Analysis of the expression profiles of miR-125b-2*, -27a*, -422a, -488 and -627, from stroke onset till recovery of two years showed that their highest expression occurred within the acute phase (one to seven days) of stroke in humans (Figure 4). To establish that their changes in expression were a consequence of the onset of stroke, an in vivo study using rat models was carried out. Rats subjected to Middle Cerebral Artery occlusion (MCAo) were sacrificed over a period of 0 h to 3 days. Changes in the miRNA expression in blood and brain were determined. In the brain samples, the highest expression for all the 5 miRNAs was observed within the acute phase (0 to 24 h). miR-125b-2* and miR-488 peaked at 6 h from the onset of stroke, to 1.56 ± 0.28 and 1.36 ± 0.24 fold, respectively in ischemic rat brain whereas miR-27a*, -422a and -627 peaked at 24 h from the onset of stroke, to 5.37 ± 0.46, 1.52 ± 0.28 and 8.53 ± 1.23 fold, respectively (Figure 4). The corresponding expression of these miRNAs was also at maximum levels in the rat blood, during the acute phase. miR-125b-2* blood profile showed similar expression to that of the ischemic brain, albeit with greater fold change differences. Incidentally, miR-125b-2* was shown to be conserved in the brain throughout the chimpanzee, macaque and human species, implicating its crucial functional roles in mammalian brain development [26]. In fact we also observed miR-125b-2* to have the strongest biomarker potential based on AUC values (Table 2). Except for miR-125b-2*, the remaining miRNAs exhibited an opposing profile in the brain and blood at their corresponding time points. Similar phenomenon was also observed in patients diagnosed with atherosclerotic abdominal aortic aneurysm [27]. Expression of miR-29b, -124a, -155 and -223, that were significantly increased in the atherosclerotic abdominal tissue was reduced in circulation. Similarly, miR-92a levels were found increased in acute myeloid and lymphoblastic leukemia cells, and decreased in circulation [28], suggesting complex regulatory processes occurring via the circulatory system.
Although the focus of the study was to identify specific miRNAs involved in acute stroke, we observed miR-920, a human specific miRNA, to be differentially expressed in “recovered” stroke patients. Its expression remained higher than control from the onset of stroke until day 2 and then decreased to 0.26 ± 0.752 by day 7. However, a more significant increase in miR-920 expression was observed during the recovery phase and its expression remained elevated up to 2 years after onset of stroke (vs. controls; Supplementary Table S4). miR-920, a target of beta-transducin repeat-containing protein (β-TrCP) [29] was also predicted to regulate brain-specific angiogenesis inhibitor 1 (BAI1). Though miR-920 has not been found in normal developing human brain [17], it may function similarly to miR-126 in atherosclerosis [30]. Zernecke et al. [30] showed that miR-126 targeted vascular smooth muscle cells in atherosclerotic rat models. This miRNA was in fact released from endothelial cells and circulated via apoptotic bodies to mediate its athero-protective effects on the vascular smooth muscle cells, by reducing the plaque size. Hence the possibility of human specific miR-920 being regulated in a similar manner, to cause a beneficial effect in stroke recovery needs to be further explored.
Such studies highlight the importance of miRNAs in circulation and further affirm that miRNAs found in circulation are not entirely a consequence of necrotic or apoptoic cells spilling their contents.

3. Experimental Section

3.1. Patient Enrolment (Standard Protocol Approvals, Registrations, and Patient Consents)

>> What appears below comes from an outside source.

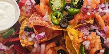 Fried corn tortilla chips, loaded with over half a pound of smoked cheeses, topped with tomato, red onion, black olive & jalapenos. Served with our roasted tomato salsa & sour cream.

287 individuals (24 healthy individuals, 169 stroke patients and 94 individuals presented with metabolic syndrome) were enrolled from Khoo Teck Puat Hospital Singapore, Singapore General Hospital and University Malaya Medical Centre (UMMC), Malaysia. The study was carried out in accordance with the Declaration of Helsinki (2008) of the World Medical Association and was approved by the Medical Ethics Committee of UMMC (Ref. No: 607.20), National University of Singapore Institutional Review Board (NUS-IRB Ref. Code: 08-381, Approval: NUS-676), Ministry of Health, Singapore (MH95:03/1–11) and the Institutional Review Board (IRB) of the National University Health System and Singapore General Hospital, SingHealth (CIRB Ref. No: 2011/216/A). Ischemic stroke was confirmed through either MRI or CT imaging of the brain, and the risk factors (if any) were characterized based on the ancillary blood and routine tests [15]. Characterization of the stroke subtypes were made based on World Health Organization clinical criteria and according to Trial of Org 10172 in Acute Stroke Treatment (TOAST) classification. These patients were separated into two cohorts based on recruitment time. Cohort 1 (n = 68) was used for the discovery phase of the study whereas cohort 2 (n = 101) was used for the validation phase. Prior to blood sampling, each volunteer, gave a written informed consent. Blood was collected at the following time points following the onset of stroke: within 24 h (Day 1), within 48 h (Day 2) and within the 7 days (Day 7). Patients from outpatient clinics, in recovery phases (from 2 months to 2 years from stroke onset) were also included in this study. Cohort 3 (n = 98) consisting of patients exhibiting stroke-associated risk factors only, were also recruited for the study.

3.2. Middle Cerebral Artery Occlusion (MCAo)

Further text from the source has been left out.